We popped into one called Mr. Wu’s and I got giddy when we saw we could spin to win a beer for a dollar. Quart got a Michelob and I won a Busch Lite! Finally indulging in some of that ice cold water we saw advertised everywhere. We played on a few machines, and tried to enjoy it (we’re not big gamblers). We soon learned we could have just started gambling and got a free drink. But we did enjoy a “free” hotdog after losing $40. Best $42 hot dog and beers we’ve ever had.
After this we went and had an old fashioned cocktail at Wild Bill Bar where Wild Bill, the famous bandit was murdered. What was cool to me was learning how they had to transport liquor into town: they had to bring it all in raw form because bandits would hijack any shipment of alcohol and/or the rough roads would often cause carriage tips that would break any bottle on their way. So, they’d receive the sacks of grains and have to make the alcohol right inside the bars.


The town was neat and we thought, “Glad we came, but we don’t need to go back.” Gambling and boozing isn’t exactly our cup of tea.
That night we drove the hour and fifteen out to Devil’s Tower, Wyoming.
Additional Contemplations and Reflections
I am pretty overwhelmed with the giddy feeling of being somewhere new. My body actually feels like it’s caught up with my mind in the realization that we aren’t turning back around for quite some time. I feel it in my chest— heart on a tight rope wavering over the abyss of the unknown, teetering between excitement and anxiety.
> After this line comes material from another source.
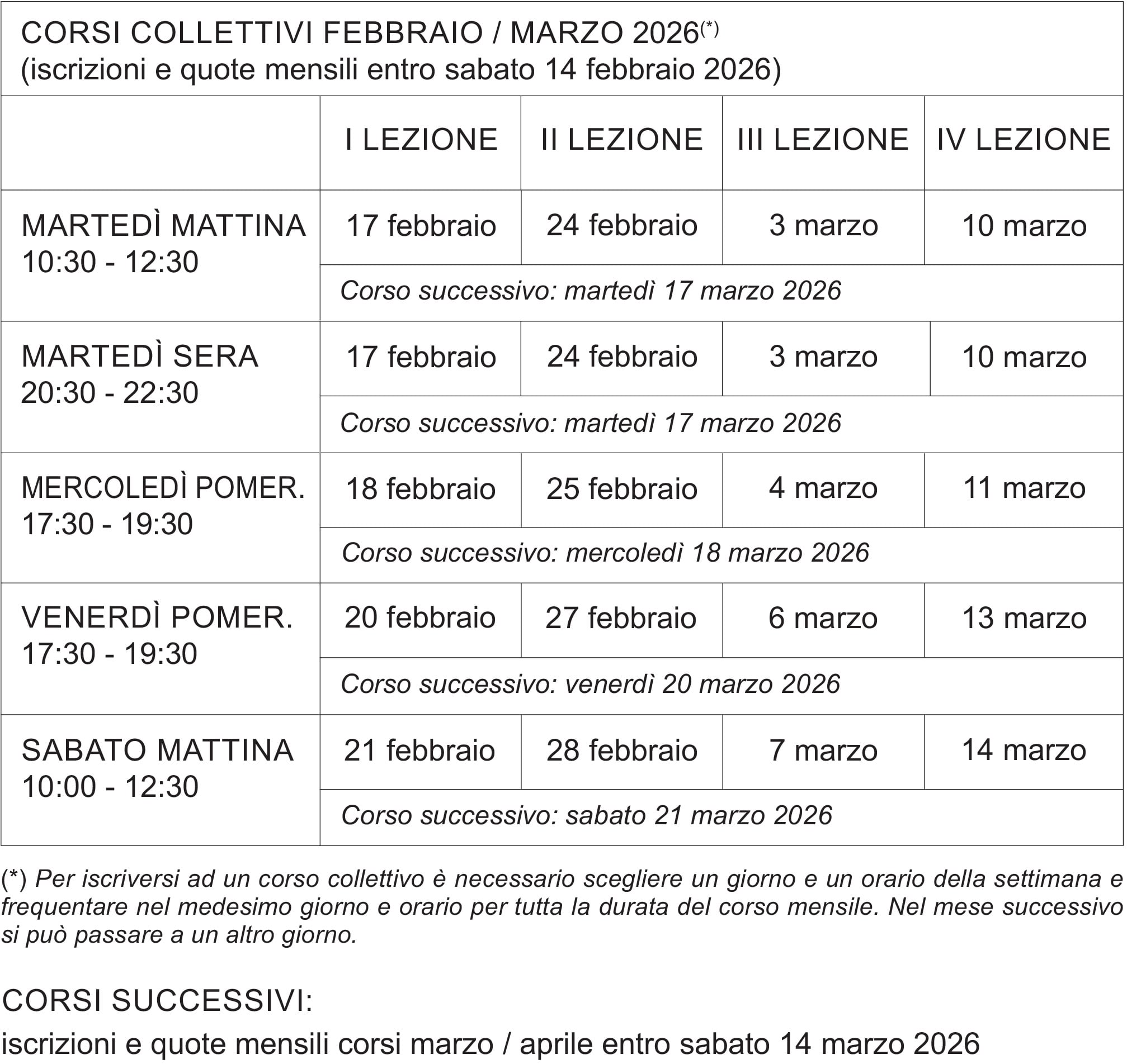 Orari corsi collettivi

I feel it in my throat — the grief washing down like whisky. My belly is warm with the paradox of it all. I don’t know what’s going to happen next but the senior quote I penned 16 years ago captures the feeling well: “Frightened yet thrilled for something new is breaking the horizon.”
Yes, I quoted myself. Sue me.
Steps Toward Finding a New Place
While we were in Minnesota, I spent a lot of time looking for places and wasn’t having any luck. I decided for these first few days of the trip I’d give it a rest and just enjoy being out on the open road. Besides, I’m driving quite a lot so Quart can continue to work— very grateful for her and her position right now. The stars have aligned for this and I’m trusting that they will for where we land in L.A.